Backwards compatibility
C prizes backwards compatibility. C code written to C89 will still compile on the latest versions of GCC and LLVM, and you can still tell them to require C89 compliance when compiling code today. Even the move from pre-C89 was careful to avoid breaking existing code.
In Python, moving from 2 to 3 broke the print statement by changing it to a function. Who on earth breaks something as basic as print in a major version? printf on the other hand still works the same way as it always has.
PHP seems reasonably good in this regard for the most part, until you remember all the really important functions that were deprecated and then removed, such as all the mysql_ and ereg_ functions (I continue to patch legacy codebases which are still using those).

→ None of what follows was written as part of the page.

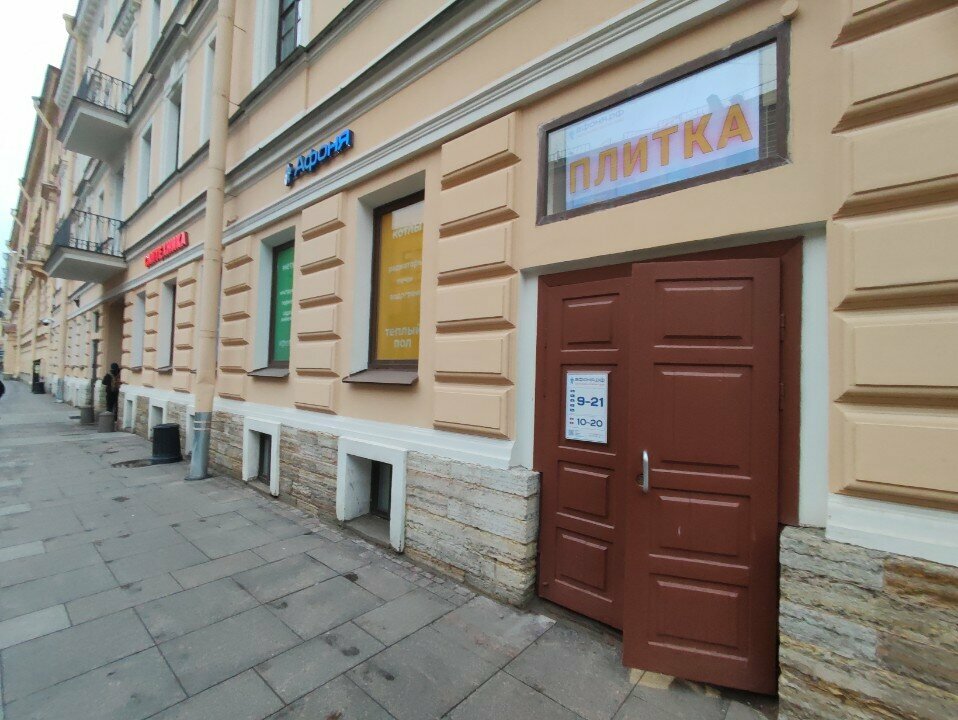 Афоня — строительный магазин в Санкт-Петербурге, предлагающий широкий ассортимент люков и инженерной сантехники. Расположен по адресу: Моховая ул., 42. Режим работы: пн-пт 09:00–21:00, сб-вс 10:00–20:00. Контакты: +7 (812) 648-22-11, +7 (812) 579-68-41, +7 (812) 719-73-17. Подробнее на сайте: (https://www.afonya-spb.ru/).

Slow but continued evolution
C continues to get a new standard every 5-10 years. Not so fast that you feel overwhelmed and unable to keep up, but not so slow that you think it’s dead. If you really want to live on the bleeding edge, the latest versions of compilers will often include support for features that are likely to make it into the next standard but haven’t been officially confirmed.
Closed standard
The one big problem I have with C is that it is a closed standard. The process is controlled by an ISO working group (JTC1/SC22/WG14), whose membership consists mainly of representatives from large organisations. There is a charge for the standard, which means it isn’t available to everyone, although you can usually get drafts for free.
Of course, you don’t need a copy of the standard to write C, and the language isn’t encumbered by patents. It would be nice though if ISO would at least make earlier standards available for free – especially as they receive funding from countries which raise revenue from taxation, so people like me have already given them money indirectly (I think the outputs of bodies funded by taxation should be freely available by default).
Ease of mistakes
It’s really easy to make mistakes in C, especially when it comes to that dreaded phrase: Undefined Behaviour (which basically means your compiler can do anything when it encounters it).

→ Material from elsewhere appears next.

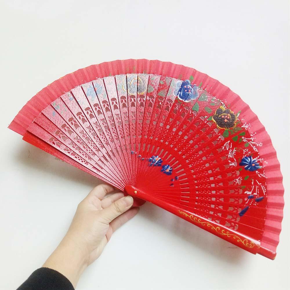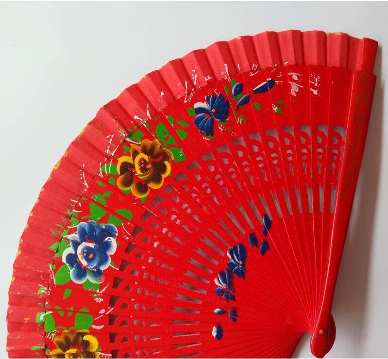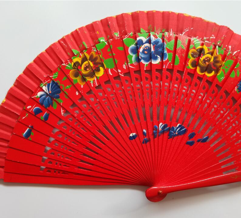 Abanico de madera español sencillo de flor de junco pintado a mano |

Having said this, if you compile with the following your life will be much easier:
- –std=c89 – or whatever standard you are targetting
- -pedantic – actually enforce standards compliance
- –Wall – enable ‘all’ warnings
- –Wextra – enable those ‘extra’ warnings that aren’t included in ‘all’ (but still not all available warnings…)
- –Werror – compiler warnings are errors, don’t ignore them
The above flags, combined with a modern compiler, will prevent you making a lot of mistakes, even if you are targetting old standards.
Ideally you’d use -Weverything instead of -Wall and -Wextra, but only the most basic programs will compile with every warning enabled (and the LLVM developers don’t recommend its use in production).
Understanding the machine
I still think if you want to understand what actually happens to your code when it executes, you need to learn C and assembly language. I’m sure there are people who think this is an outdated position, but I’m sticking to it.
Cross compilation
Cross compilation of operating system (e.g. targetting Windows from Linux) or architecture (e.g. targetting MIPS from x86) is a pain. There are some projects which attempt to make this easier, such as crosstool-ng, but it is hard to get right – I eventually gave up trying to get a GCC cross compiler to work (the original use case was a student at the university I was working at wanting to add new instructions to the MIPS architecture on Linux, but trying to compile their code under Windows on the x86_64 architecture).